Christina Tham takes gold at Southeast Asian Games 38 years after first appearance
Singapore's Christina Tham won gold at the Southeast Asian Games, 38 years after she first competed at the event.
In 1981, she claimed silver at the SEA Games as a swimmer in the 4x100m medley race, aged just 12.
Two years later, she achieved yet another second-place, but she then had an incredible hiatus which lasted more than three decades.
And, after returning to elite sport in 2005, Tham secured a first ever gold in her new discipline of underwater hockey, shortly after her 50th birthday.
She said: "I never thought I would be back [at the] SEA Games and winning golds and scoring goals. I never thought I could perform at this level again."
Tham was thrilled to finally claim victory after so many years without a winner's medal and concedes she did not fully understand the magnitude of medalling in a major competition as a youngster.

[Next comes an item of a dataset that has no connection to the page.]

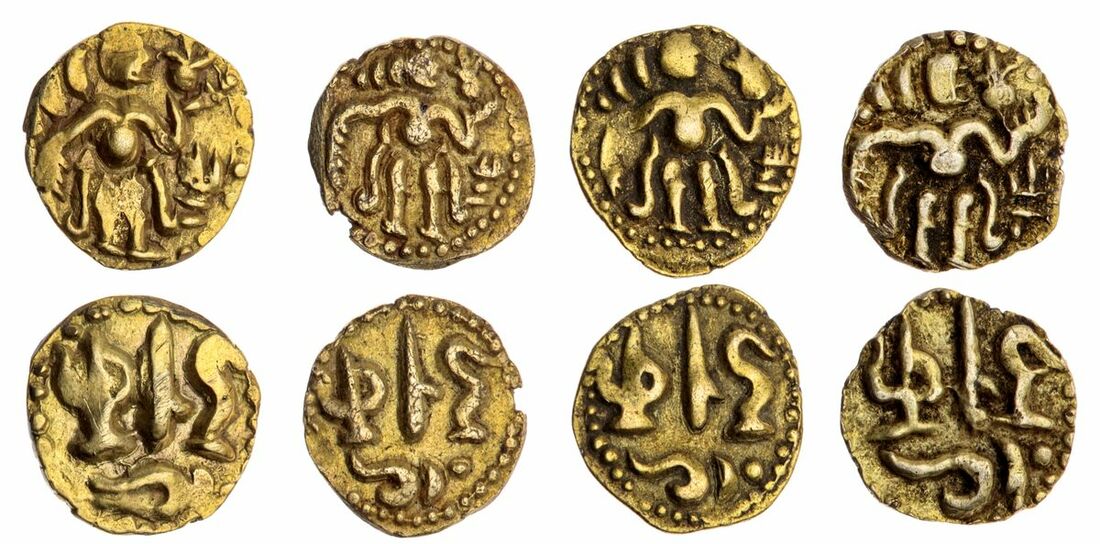 (x) Sri Lanka (Ceylon), Anonymous (c.960-1214), gold Aka, 0.52-.55g, (4), standing figure holding a jasmine flower (type III (B), rev. legend thought to read daraka in Devanagiri, all with a conch above, tail pointing right (Codrington 67-68; Mitchiner, Southern India, part 2, 315), average condition very fine or a little better, some die varieties (4)
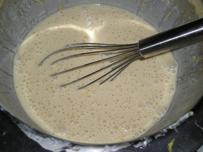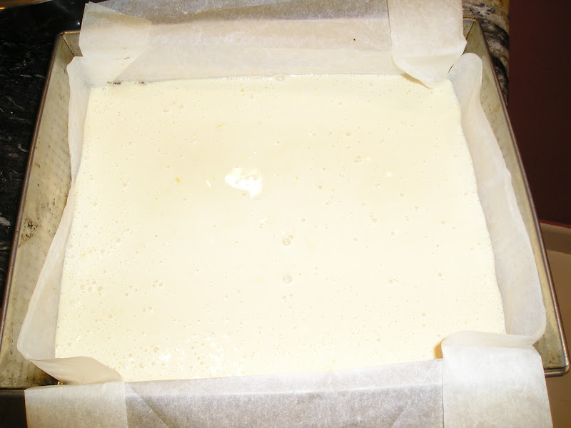 Cuando esté cocida la base, sacarla del horno y verter por encima la mezcla de queso, limón, huevo y azúcar.

"I was very young and didn't appreciate the significance [of my] achievement. I come from a typical Singaporean Chinese family where [you're] expected to [accept] achievements with modesty," she added.
"It was only after I became an adult that I realised the enormity of my achievements - I was 12 and had won a medal in the SEA Games and was in the top 10 per cent in the country in the [national examinations that year]."
And the 50-year-old could not be more grateful for having found underwater hockey, something which has had a positive effect on her life as a whole.
"I saw an article [about underwater hockey]. It sounded so interesting and intriguing, [so I] went to try it out," she said.
"I thought that playing a team sport would really round me up as a person. I found I missed a dimension doing only solitary sports my whole life."